A faithful, complete copy of the entries below is required, with images removed.
##### Material for this exercise
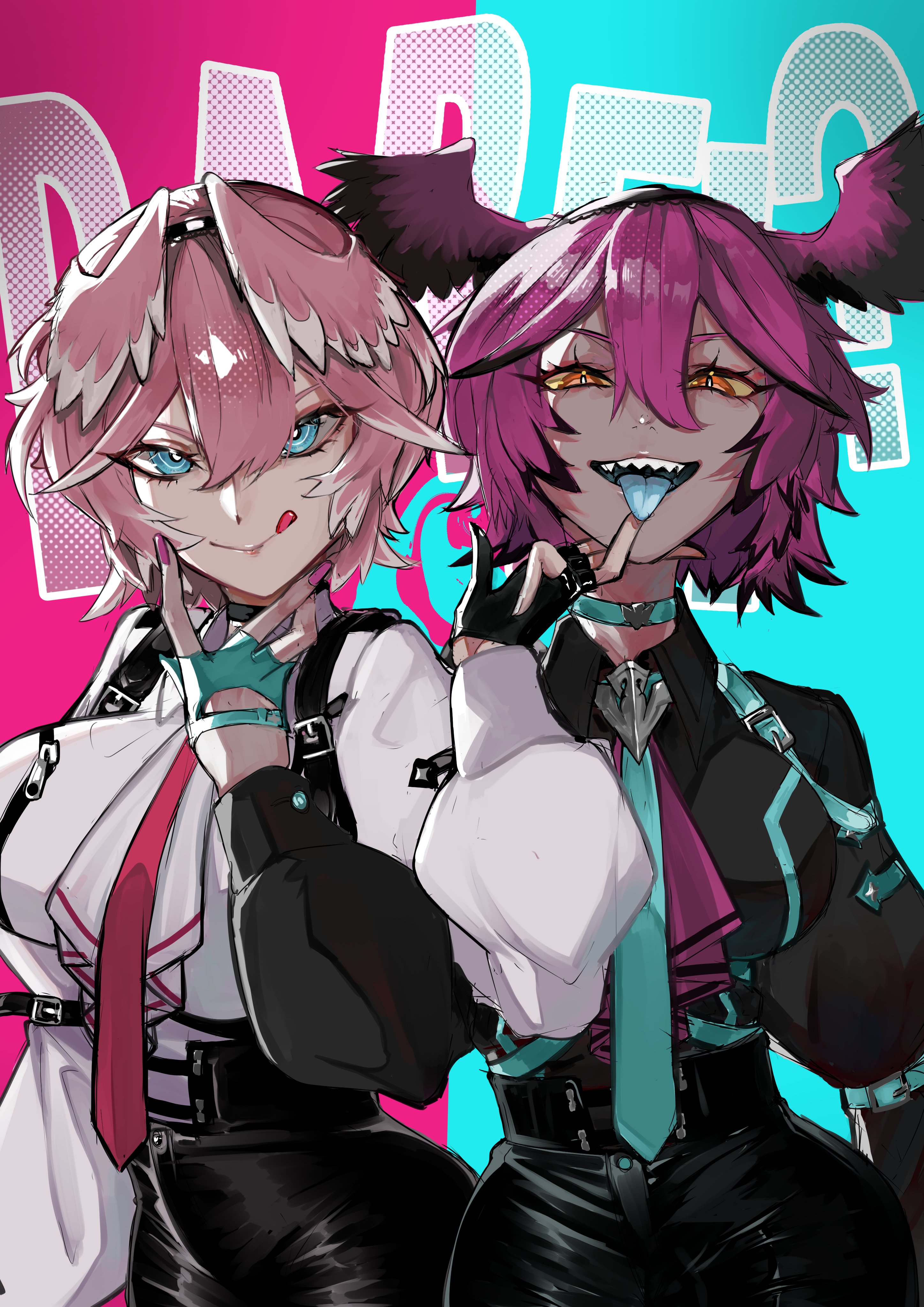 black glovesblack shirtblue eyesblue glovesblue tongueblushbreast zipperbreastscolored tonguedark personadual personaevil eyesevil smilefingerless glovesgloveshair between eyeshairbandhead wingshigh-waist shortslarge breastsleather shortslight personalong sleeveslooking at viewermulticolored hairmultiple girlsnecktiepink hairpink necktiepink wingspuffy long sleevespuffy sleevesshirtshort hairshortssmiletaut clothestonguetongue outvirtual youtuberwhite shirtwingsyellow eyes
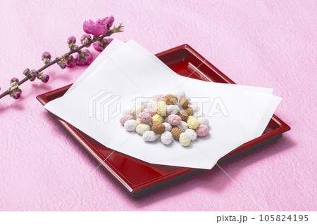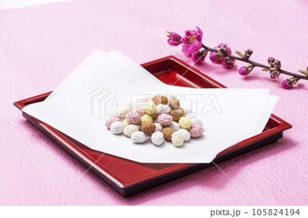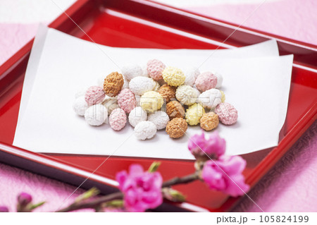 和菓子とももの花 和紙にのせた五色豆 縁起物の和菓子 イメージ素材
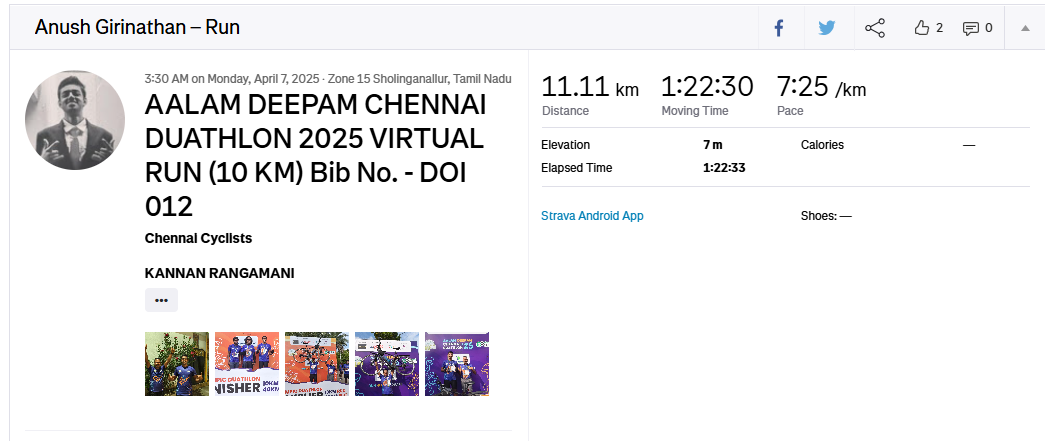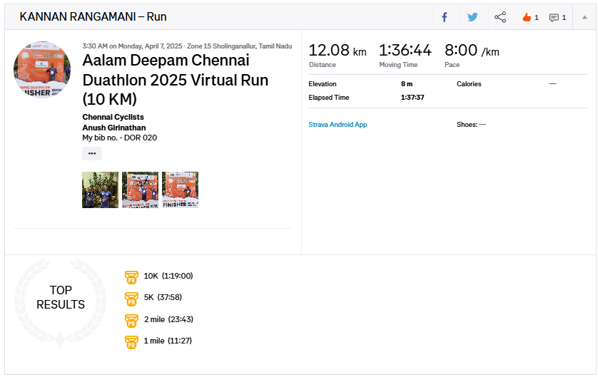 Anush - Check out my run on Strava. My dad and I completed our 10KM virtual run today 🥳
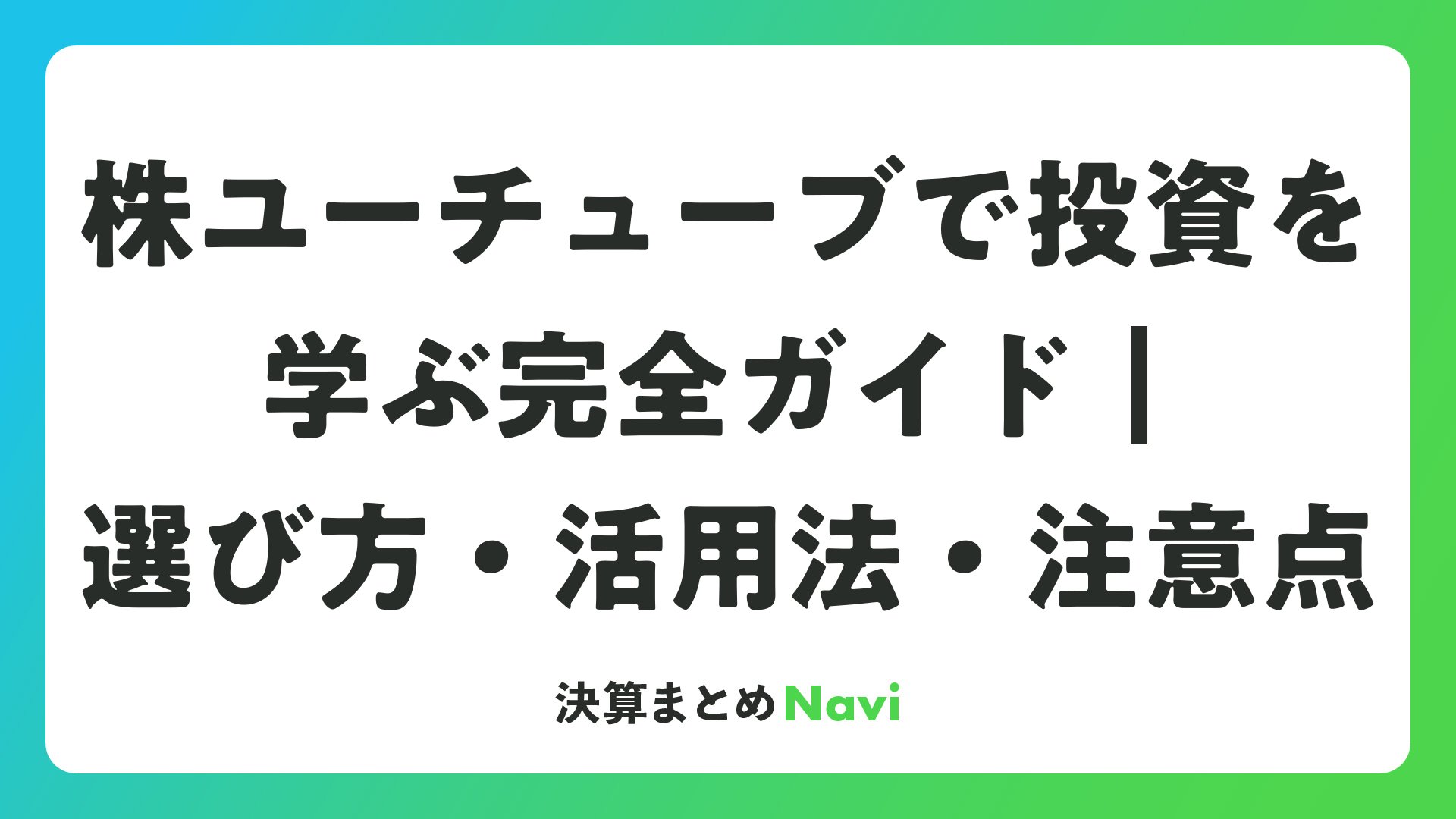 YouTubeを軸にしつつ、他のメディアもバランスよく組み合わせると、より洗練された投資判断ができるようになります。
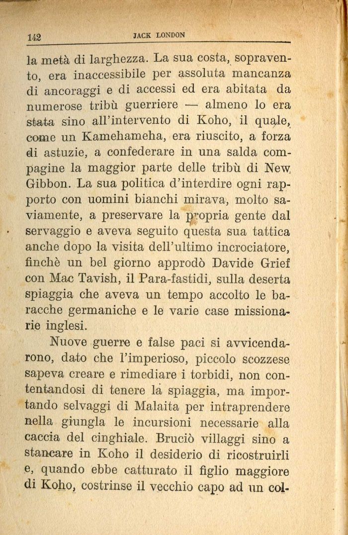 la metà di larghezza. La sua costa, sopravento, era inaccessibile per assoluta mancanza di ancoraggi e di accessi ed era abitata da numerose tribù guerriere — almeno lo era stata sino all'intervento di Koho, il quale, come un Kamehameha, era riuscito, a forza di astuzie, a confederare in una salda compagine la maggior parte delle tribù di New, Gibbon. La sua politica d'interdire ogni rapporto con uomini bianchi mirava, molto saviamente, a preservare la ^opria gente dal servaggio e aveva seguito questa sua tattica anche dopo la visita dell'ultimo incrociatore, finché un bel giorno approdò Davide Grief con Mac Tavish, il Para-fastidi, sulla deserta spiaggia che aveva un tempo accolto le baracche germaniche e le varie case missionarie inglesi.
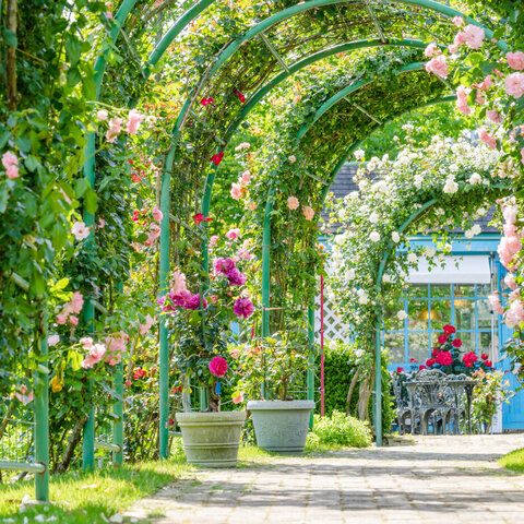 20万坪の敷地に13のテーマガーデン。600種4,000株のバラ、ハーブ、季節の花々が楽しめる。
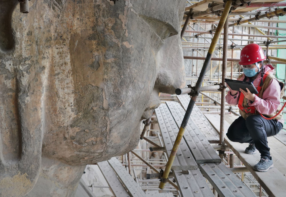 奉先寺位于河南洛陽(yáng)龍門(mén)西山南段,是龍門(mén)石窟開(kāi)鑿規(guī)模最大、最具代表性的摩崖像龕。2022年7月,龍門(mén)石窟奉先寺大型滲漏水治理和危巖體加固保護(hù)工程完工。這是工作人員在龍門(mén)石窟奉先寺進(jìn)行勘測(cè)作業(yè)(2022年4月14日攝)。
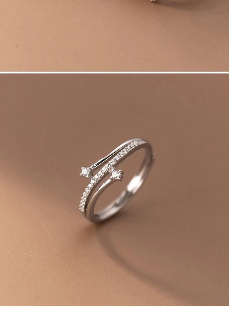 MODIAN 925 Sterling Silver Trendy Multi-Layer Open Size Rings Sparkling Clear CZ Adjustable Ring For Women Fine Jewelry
##########
Output for this task -
 black glovesblack shirtblue eyesblue glovesblue tongueblushbreast zipperbreastscolored tonguedark personadual personaevil eyesevil smilefingerless glovesgloveshair between eyeshairbandhead wingshigh-waist shortslarge breastsleather shortslight personalong sleeveslooking at viewermulticolored hairmultiple girlsnecktiepink hairpink necktiepink wingspuffy long sleevespuffy sleevesshirtshort hairshortssmiletaut clothestonguetongue outvirtual youtuberwhite shirtwingsyellow eyes
 和菓子とももの花 和紙にのせた五色豆 縁起物の和菓子 イメージ素材
 Anush - Check out my run on Strava. My dad and I completed our 10KM virtual run today 🥳
 YouTubeを軸にしつつ、他のメディアもバランスよく組み合わせると、より洗練された投資判断ができるようになります。
 la metà di larghezza. La sua costa, sopravento, era inaccessibile per assoluta mancanza di ancoraggi e di accessi ed era abitata da numerose tribù guerriere — almeno lo era stata sino all'intervento di Koho, il quale, come un Kamehameha, era riuscito, a forza di astuzie, a confederare in una salda compagine la maggior parte delle tribù di New, Gibbon. La sua politica d'interdire ogni rapporto con uomini bianchi mirava, molto saviamente, a preservare la ^opria gente dal servaggio e aveva seguito questa sua tattica anche dopo la visita dell'ultimo incrociatore, finché un bel giorno approdò Davide Grief con Mac Tavish, il Para-fastidi, sulla deserta spiaggia che aveva un tempo accolto le baracche germaniche e le varie case missionarie inglesi.
 20万坪の敷地に13のテーマガーデン。600種4,000株のバラ、ハーブ、季節の花々が楽しめる。
 奉先寺位于河南洛陽(yáng)龍門(mén)西山南段,是龍門(mén)石窟開(kāi)鑿規(guī)模最大、最具代表性的摩崖像龕。2022年7月,龍門(mén)石窟奉先寺大型滲漏水治理和危巖體加固保護(hù)工程完工。這是工作人員在龍門(mén)石窟奉先寺進(jìn)行勘測(cè)作業(yè)(2022年4月14日攝)。
 MODIAN 925 Sterling Silver Trendy Multi-Layer Open Size Rings Sparkling Clear CZ Adjustable Ring For Women Fine Jewelry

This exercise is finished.